Material provided
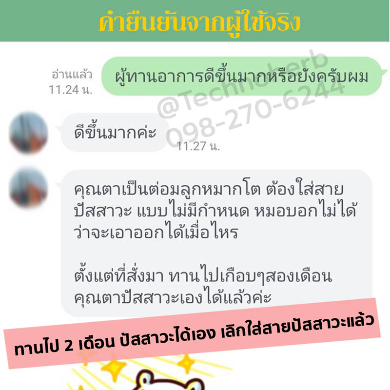 "ซื้อไปให้สามีทาน อายุ 65 ปี หมอตรวจแล้วเป็นต่อลูกหมากโต มีอาการปัสสาวะบ่อย ติดขัด ไม่พุ่ง ไม่สุด บางครั้งมีปัสสาวะเล็ด และกลั้นไม่อยู่ หมอให้ยาต่อมลูกหมากโตมาทาน และนัดผ่าตัด
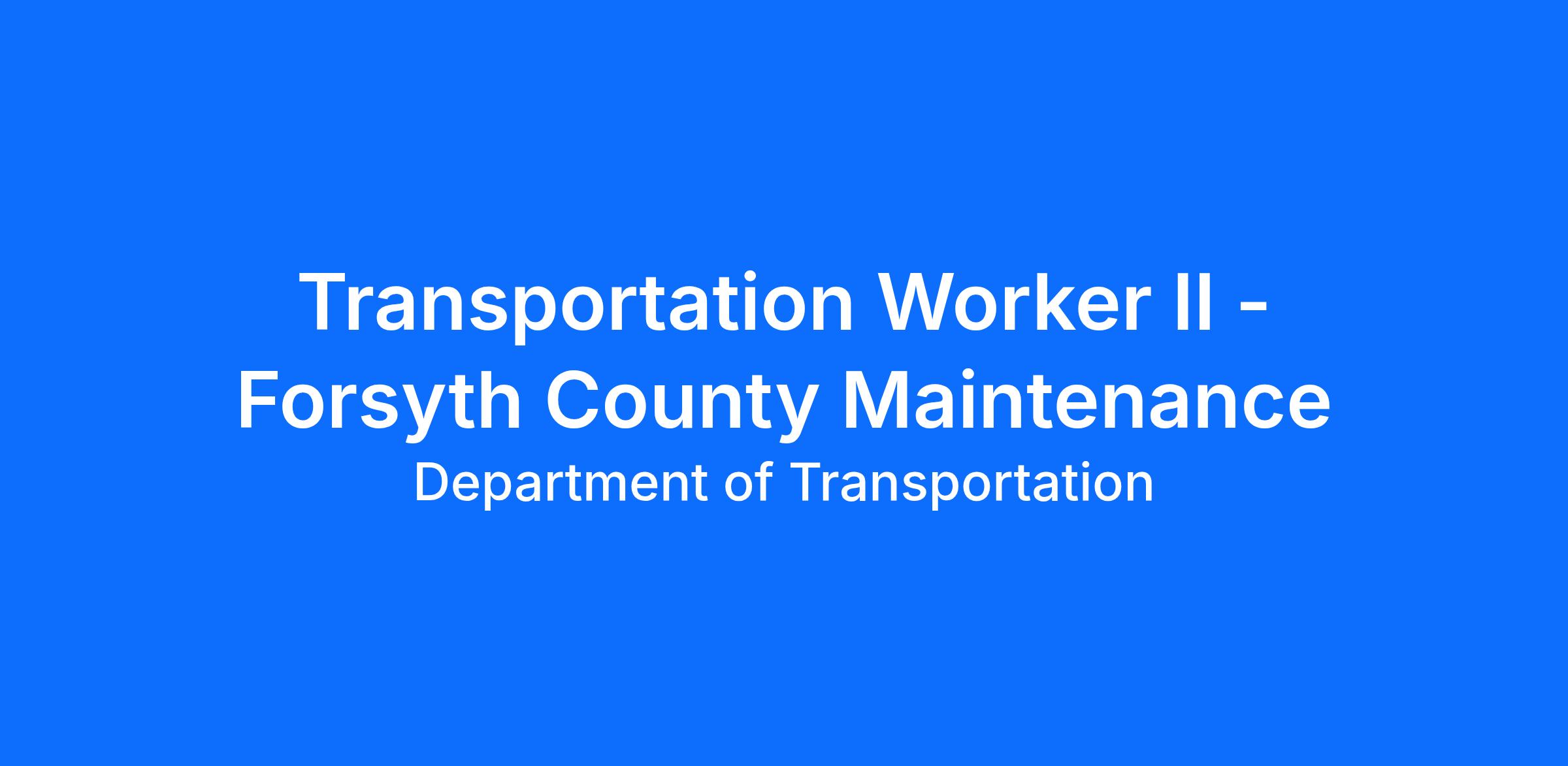 This Position functions as a Transportation Worker Level 2 within the Forsyth County Maintenance Unit. Work will consist of manual and equipment operational work in the maintenance of highways in Forsyth County. Work includes operating various types of highway equipment such as a patch truck, dump truck, sweeper, roller, and skid steer. Work also includes installing traffic control devices, installing temporary erosion control devices, flagging traffic, crack sealing, asphalt patching, installing pipe culverts, operating hand and power tools, monitoring tasks performed by inmates, clearing right of way and responding to emergencies such as snow and ice removal, downed trees, traffic control cleanup, etc. during normal business hours or during emergency call situations and scheduled night work.
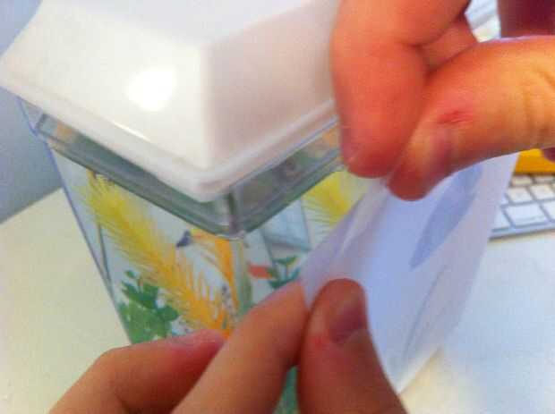 Ahora que tienes una escena de pesca compuesta por es momento de ponerla en el tanque! Coge dos trozos de cinta y pegarlos en algún lugar útil (como el brazo), donde se puede agarrar con una mano. Toma tu hoja de papel (u hojas grabadas juntos si usted tiene un tanque grande) y acercarse lentamente a la pecera. No queremos asustar a los peces cuando ponemos esto.

Task item
With the pictures set aside, return each line of the listing exactly as given.

Answer section
 "ซื้อไปให้สามีทาน อายุ 65 ปี หมอตรวจแล้วเป็นต่อลูกหมากโต มีอาการปัสสาวะบ่อย ติดขัด ไม่พุ่ง ไม่สุด บางครั้งมีปัสสาวะเล็ด และกลั้นไม่อยู่ หมอให้ยาต่อมลูกหมากโตมาทาน และนัดผ่าตัด
 This Position functions as a Transportation Worker Level 2 within the Forsyth County Maintenance Unit. Work will consist of manual and equipment operational work in the maintenance of highways in Forsyth County. Work includes operating various types of highway equipment such as a patch truck, dump truck, sweeper, roller, and skid steer. Work also includes installing traffic control devices, installing temporary erosion control devices, flagging traffic, crack sealing, asphalt patching, installing pipe culverts, operating hand and power tools, monitoring tasks performed by inmates, clearing right of way and responding to emergencies such as snow and ice removal, downed trees, traffic control cleanup, etc. during normal business hours or during emergency call situations and scheduled night work.
 Ahora que tienes una escena de pesca compuesta por es momento de ponerla en el tanque! Coge dos trozos de cinta y pegarlos en algún lugar útil (como el brazo), donde se puede agarrar con una mano. Toma tu hoja de papel (u hojas grabadas juntos si usted tiene un tanque grande) y acercarse lentamente a la pecera. No queremos asustar a los peces cuando ponemos esto.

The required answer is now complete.